Сзади по-прежнему не доносилось ни звука.

– А твои родители, – спросил отец Яна Видара, – они встречали Новый год дома?

Я кивнул:

– С бабушкой, дедушкой и дядей. Лютефиск и «Аквавит».

– Рад, что не остался дома?

– Да.

Поворот на Хьевик, затем мимо Хаммерсанна, через долину Рюенслетта. Темно, тихо, тепло и покойно. Ехать бы так и ехать всю жизнь, подумалось мне. Мимо их дома, вверх по серпантину в сторону моста Крагебру, вниз по склону с другой стороны, и вверх, в гору. Тут было не расчищено, рыхлый снег лежал слоем сантиметров в пять. Последнюю часть пути отец Яна Видара проехал на малой скорости. Мимо дома, где жили Сюсанн и Элиза, две сестры, переехавшие сюда из Канады, с которыми никто еще не успел толком познакомиться, мимо поворота, за которым жил Вильям, потом под горку и снова вверх, к нашему дому.

– Я высажу тебя здесь, – сказал отец Яна Видара. – Чтобы не разбудить их – вдруг они уже спят? Хорошо?

– Хорошо, – сказал я. – И огромное спасибо, что подвезли! Всего хорошего, Дживс!

Ян Видар поморгал, затем широко раскрыл глаза.

– Ага, – сказал он. – Всего хорошего!

– Хочешь пересесть вперед? – спросил его отец.

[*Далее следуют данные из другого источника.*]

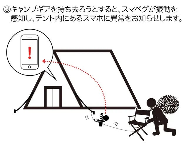 ペグに装着したIoTセンサーが振動を検知、スマホのアラート&通知機能でキャンプギア盗難を抑制!
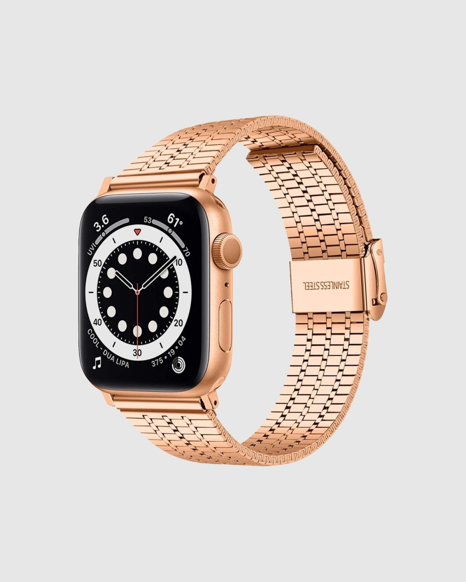 Elevate your style with the exclusive Rose Gold Matrix Stainless Steel Band for Apple Watch, uniquely designed and crafted by AWS Australia. This luxurious band combines a solid stainless steel construction with a stunning rose gold finish, making it the perfect accessory to complement any outfit. The bold design features a distinctive matrix pattern that sets it apart from ordinary watch bands, ensuring you stand out in any setting. Suitable for all Apple Watch models, this band not only promises durability and comfort but also adds a touch of elegance to your wrist. Transform your Apple Watch into a statement piece that reflects your personality and style. At just $79, this exclusive band is an investment in sophistication and functionality. Dont miss out on the opportunity to own a band that truly embodies luxury and individuality.
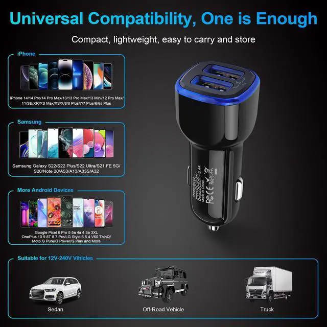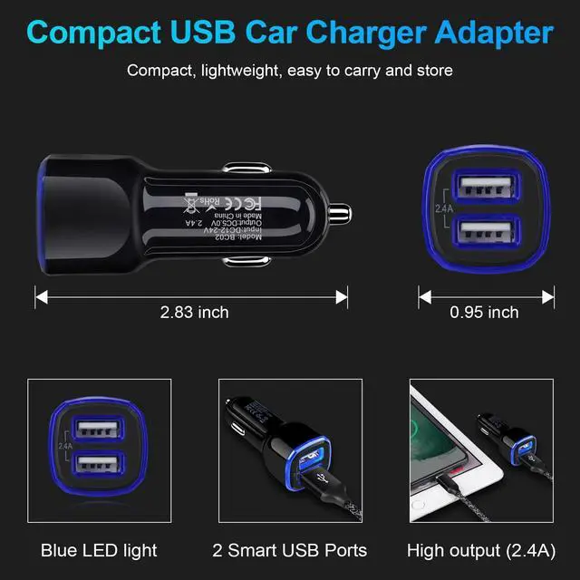 2 -Port Design: Car adapter usb charger is a practical auto accessory for charging two devices quickly simultaneously, save your time
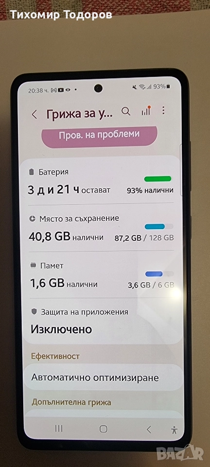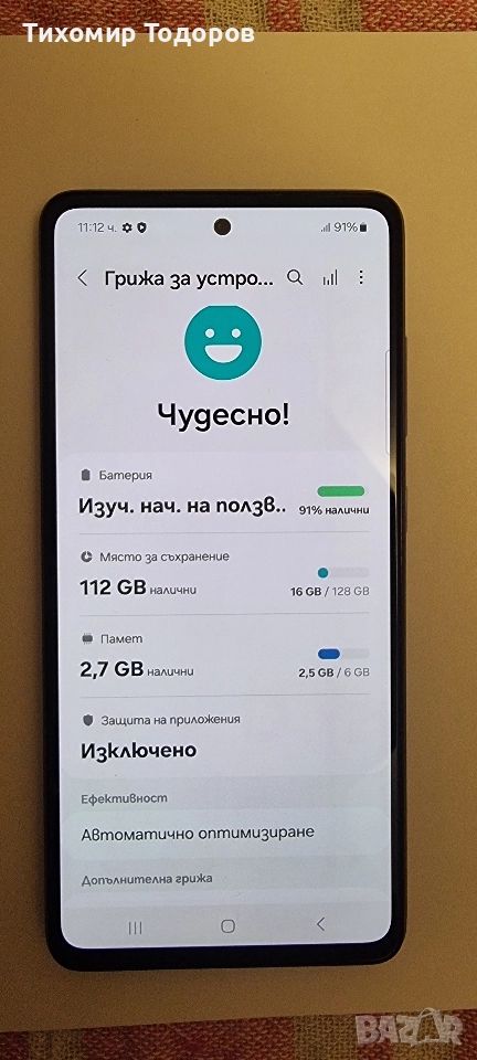 Работи перфектно: Памет 128gb, Ram 6 gb.
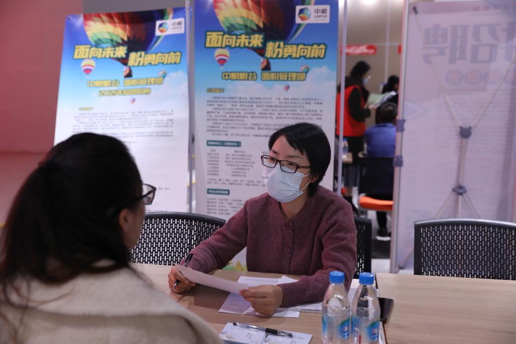 招聘会现场,各企业通过海报、单页等形式进行宣传,同学们在志愿者的引导下走到各企业的展位前,递交简历,并进行现场面试。在企业工作人员的讲解下,同学们了解到了心仪企业的发展方向、岗位需求、招聘人才要求等信息。除毕业生外,其他年级的学生也来到现场感受求职氛围,提前了解就业形势,现场气氛十分活跃。
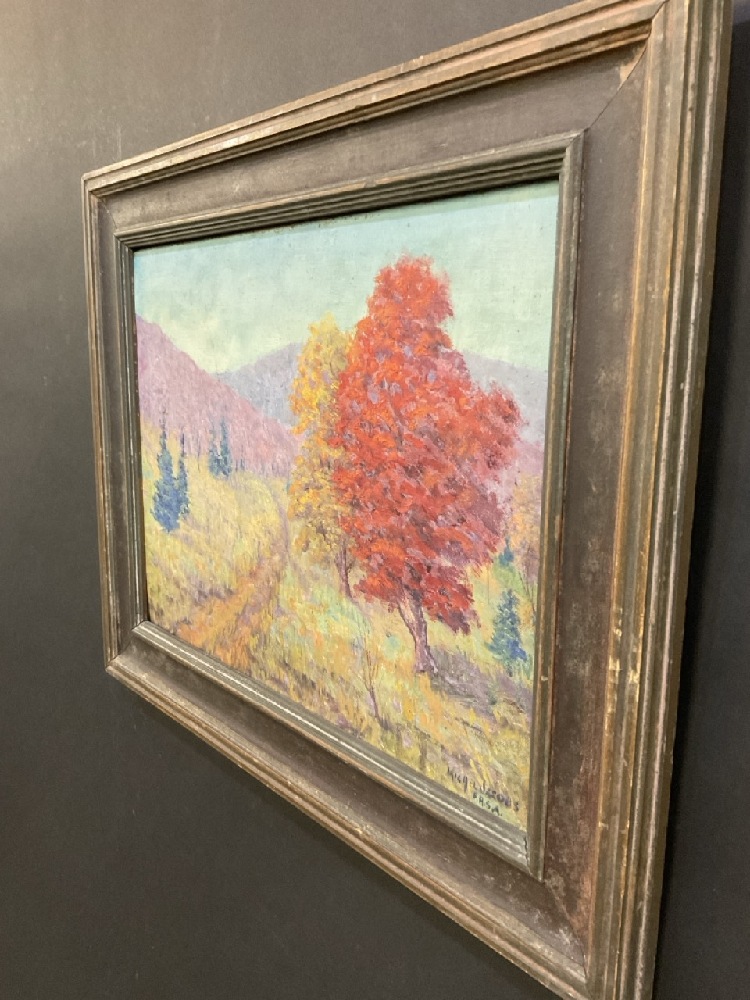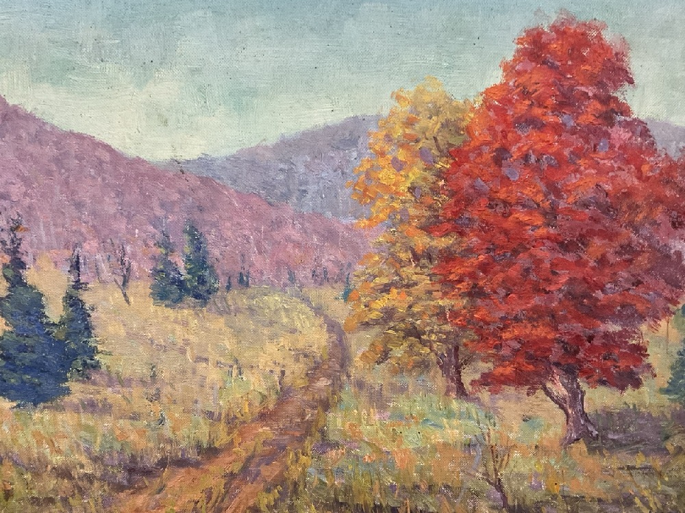 Untitled: Autumn landscape with colorful trees and mountain in distance.

– А смысл? – отозвался Ян Видар.

Я захлопнул дверцу, помахал рукой и, подходя по дорожке к дому, услышал, как машина разворачивается у меня за спиной. Дживс! Почему я так его назвал? Этого прозвища, намекавшего на товарищество совершенно избыточно, поскольку мы и так были товарищами, я раньше никогда не употреблял.

Света в окнах не было. Значит, они легли. Я обрадовался, не потому, что хотел что-то скрыть, а потому, что никто не будет меня беспокоить. Сняв в передней верхнюю одежду, я вошел в гостиную. Все следы вечеринки были убраны. В кухне негромко гудела стиральная машина. Я сел на диван, очистил апельсин. Огонь догорел, но от камина все еще шло тепло. Мама была права – хорошо тут сидеть. В плетеном кресле лениво поднял голову кот. Встретив мой взгляд, он встал, соскочил, потрусил к дивану и вскочил ко мне на колени. Я отодвинул подальше апельсиновую шкурку – вещь, хуже которой для него ничего не могло быть.

– Можешь полежать, – сказал я, погладив его. – Полежи пока. Но только не до утра, чтоб ты знал. Я скоро пойду укладываться.

Он помесил меня лапками и свернулся клубком. Голова его медленно опустилась, легла на лапу, а через несколько секунд он перестал жмуриться от удовольствия и заснул.

– Кому как, – сказал я, – а вот тебе действительно хорошо.


Наутро меня разбудило радио на кухне, но я решил еще поваляться, все равно вставать было вроде бы незачем, и вскоре снова заснул. В следующий раз я проснулся уже в половине двенадцатого. Я оделся и спустился вниз. Мама читала за кухонным столом и подняла глаза, когда я вошел.

– Привет, – сказала она. – Хорошо вчера повеселились?

– Да, – сказал я. – Круто!

– А вернулся когда?

– В половине третьего. Нас забрал на машине отец Яна Видара.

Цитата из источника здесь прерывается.